昨日の話でどうしても付け足したかった話。
身内の中で一番はじめの葬式は親父かたの祖父さんだった。
初めての葬式で戸惑ってばかりいたが、とどこにも世話役の人がいて、喜劇王チャップリンに似た人が色々と世話をやいてくれた。
その中で喪主の挨拶があり、本来は親父がするのが筋なのだけと、そういうのがめっぽうだめな性格だった。
なら、自分の兄貴のがするのだが、葬式にもこないしまつだった。
そこで次男の自分にまわってきた。原稿はすでにチャップリンが書いてくれて、後は読むだけだった。
これも孝行とおもい、うまくはないけど精一杯やらせてもらった。
それから、上京してから珍しく実家に帰ったとき、お袋の実家に行った時だった。
祖父さんは大分足腰も弱くなり、たって歩くのもやっとな感じだった。
それをみた自分は、横になってた方がいいんじゃないの。て言っていた。今思えば何でもっと優しい言葉をかけて挙げられなかったのか、今も後悔している。それが祖父さんと最後の会話になった。

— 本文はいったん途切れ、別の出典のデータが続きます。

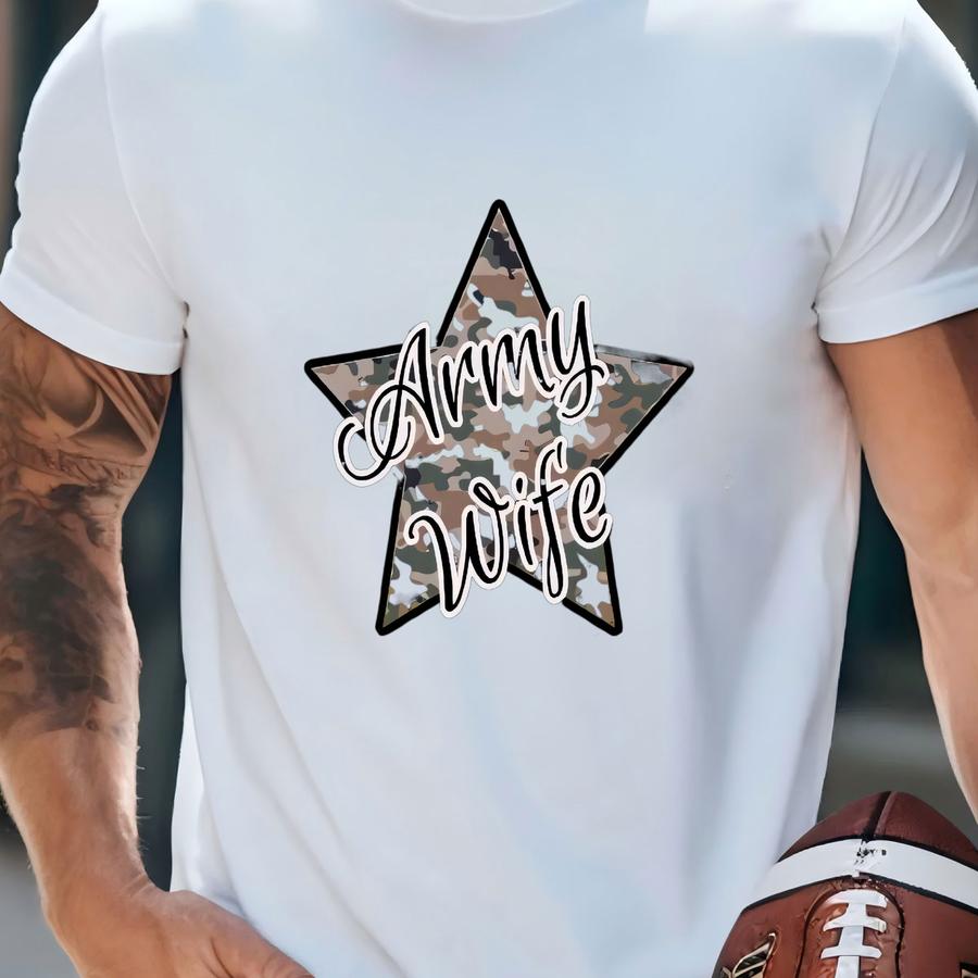 Wife Bdu Camo Star Tee, Patriotic Hoodie, Unisex Casual Shirt For Wife, Veteran Support Apparel, Military Gift, Military Wife T-shirt

それから暫くたって母方祖父さんの他界の連絡があった。
大した孝行もできない孫だが出させてもらった。
そこでまた例の話がまた出てきた。
喪主の挨拶だ。
でも今度は指名がきていた。
親父の祖父の葬式に出ていた、お袋方の祖母は、自分の挨拶がよかったと、帰って祖父に話し、それだったら自分の時もやってほしいという遺言だった。

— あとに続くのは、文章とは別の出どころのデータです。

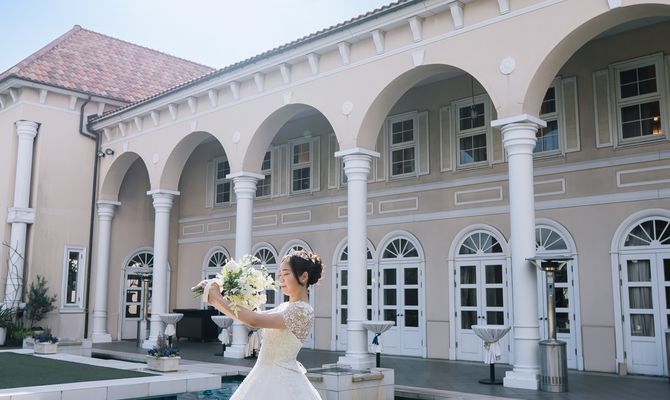 入口からチャペルまでの間にある一つひとつの邸宅の並び、雰囲気がとても素敵で絶対にここで挙げたいと思いました!

その時、姉と話をして初めて知ったことがあった。内孫と外孫という言葉だ。
実は自分と同じ年の内孫が居るらしい。
内孫とは直系の姓を受け継ぐ孫のことで、自分は娘の子供なので姓を継がないので、外孫となる。
挨拶のことで、外孫がするのは珍しいし、
なんとなく、陰の部分のような外孫が、挨拶をできてなんだか気分がいいと姉は言っていた。
じぶんにとってはそのことが逆にプレッシャーになる。あの親父の子だ。そんなに気は大きくなかった。
なんとか大役もすませ帰るとき、やっぱり祖母は元気がないように見えた。
自分は帰るときに祖母に言った。
今回でお金を使ってもう無いから、貯まるまで時間がかかるから、長生きしないと駄目だよ。
自分がかけてあげられたら、精一杯の言葉だった。その時の苦笑いが最後の笑顔になった。
半年後祖母の他界の連絡が入り、また出させてもらった。
今回も遺言で頼まれていた、孝行になればと精一杯させてもらった。
でも、本当は生きているうちに孝行して挙げたかった。
今年の夏も奥さんの実家に帰る。実家に帰る目的は、奥さんの大好きな祖父に顔を見せて挙げることだ。
奥さんもそうだけど、上京している人間はなかなか、身内の死に目にはあえない。それは宿命かもしれない。
奥さんの大好きな祖母の死に目にはあっていない。
あの時の落ち込みようはひどかった。
だからまだ元気のうちにあわせてあげるのが、自分の役目だと思っている。
読んでくれたあなたにThank you。